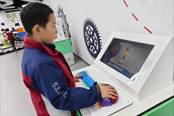 在声光之绚、电磁之奥、运动之律等展区,学生们一边认真聆听展教老师的讲解,一边积极动手操作,沉浸式探索波的产生与传播规律,了解声音的振动、光线的折射、电磁波的应用、向心力和离心力的作用等,抽象的科学原理在亲身实践中转化为具体可感的体验。
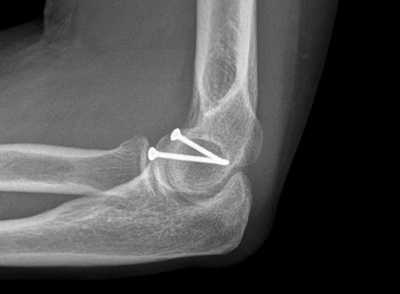 После репозиции, сопоставления костных отломков венечного отростка, с помощью специального направителя в область перелома вводится спица. Положение спицы контролируется рентгеном. В том случае, если положение спицы и перелома удовлетворительное, через разрез в 5-7 мм по спице проводится винт. Полученные в нашей клинике результаты лечения переломов венечного отростка подобным малоинвазивным способом оказались очень обнадеживающими. После операции локтевой сустав фиксируется ортезом на 2 недели. Пациенту разрешается постепенная разработка движений в суставе.
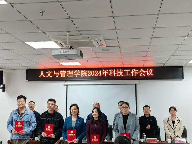 人文与管理学院相关负责人汇报了2025年国家级项目的申报工作方案及2024年科技工作会议报告。会议还表彰了获奖团队和个人。
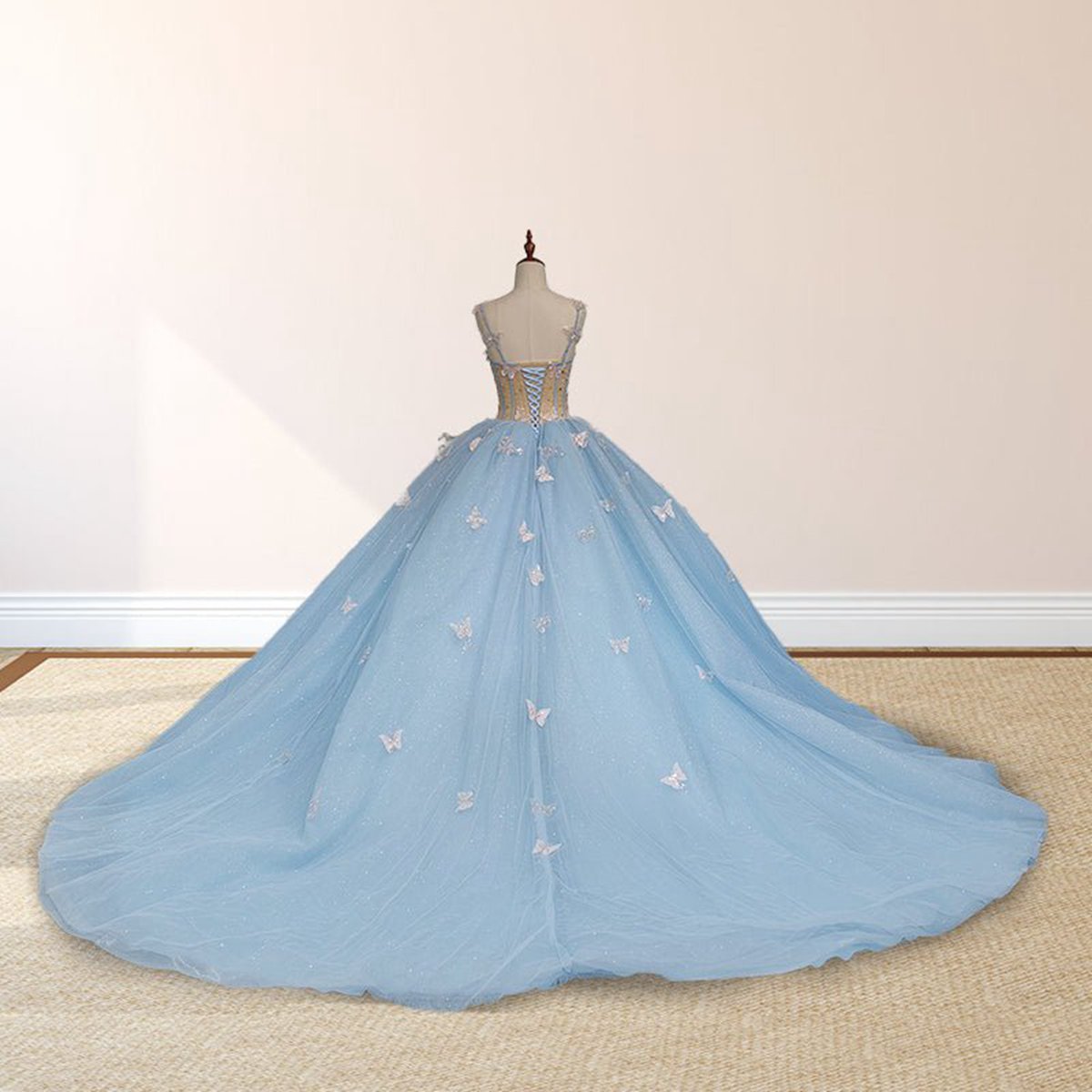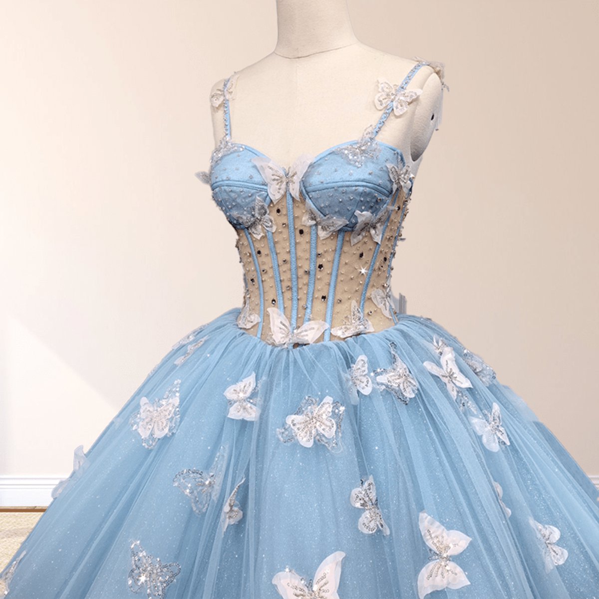 Embrace the beauty of nature and elegance with this Quinceanera Dress Spaghetti Straps Beading with 3D Butterfly Appliques. This breathtaking gown features a soft sky blue color that exudes serenity and charm. It is crafted from layers of ethereal tulle fabric that move gracefully as you dance and celebrate. The spaghetti strap neckline gives a modern and youthful touch, beautifully framing the shoulders while the sleeveless design allows for maximum freedom and comfort. The corset back ensures a secure and flattering fit, offering flexibility and style throughout the evening. What truly sets this dress apart is the exquisite 3D butterfly appliques, delicately placed across the bodice and skirt, adding an enchanting, whimsical effect. The gown is further enhanced with sequins and beadings, which catch the light and provide a touch of sparkle and glamour. This Quinceanera Dress is perfect for a girl who wants to celebrate in both beauty and style.
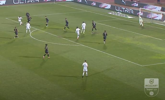 Ponovo je Tomović napravio problem defanzivcima Partizana koji mu očigledno ne mogu ništa, namestio je sebi prostor za šut, fantastično opalio po lopti sa nekih 17 metara i pogodio dalji ugao za 2:0. Jovanović se ispružio koliko je mogao, ali ovakav udarac se jednostavno ne brani!
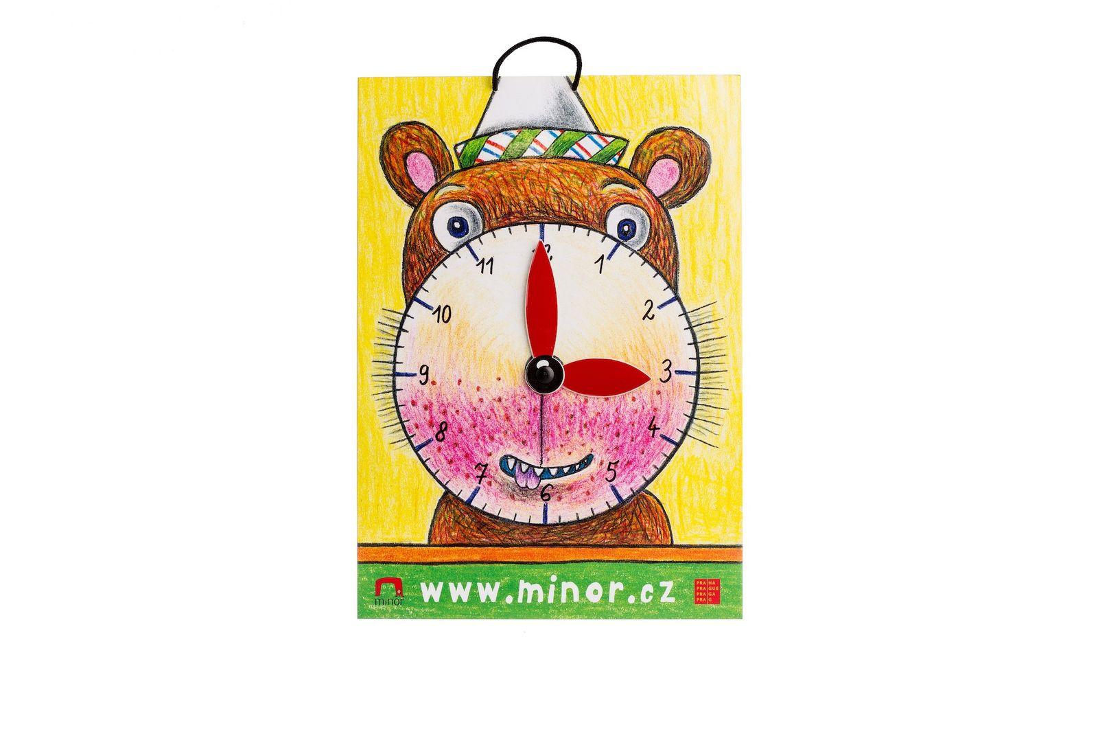 Tvrdý karton A4 s motivem a posuvnými ručičkami k výuce času. Možnost zavěšení.

Try it
Pictures stay out; output the lines from the top of the listing above through the line containing "人文与管理学院相关负责人汇报", exactly as they stand.

Your solution
 在声光之绚、电磁之奥、运动之律等展区,学生们一边认真聆听展教老师的讲解,一边积极动手操作,沉浸式探索波的产生与传播规律,了解声音的振动、光线的折射、电磁波的应用、向心力和离心力的作用等,抽象的科学原理在亲身实践中转化为具体可感的体验。
 После репозиции, сопоставления костных отломков венечного отростка, с помощью специального направителя в область перелома вводится спица. Положение спицы контролируется рентгеном. В том случае, если положение спицы и перелома удовлетворительное, через разрез в 5-7 мм по спице проводится винт. Полученные в нашей клинике результаты лечения переломов венечного отростка подобным малоинвазивным способом оказались очень обнадеживающими. После операции локтевой сустав фиксируется ортезом на 2 недели. Пациенту разрешается постепенная разработка движений в суставе.
 人文与管理学院相关负责人汇报了2025年国家级项目的申报工作方案及2024年科技工作会议报告。会议还表彰了获奖团队和个人。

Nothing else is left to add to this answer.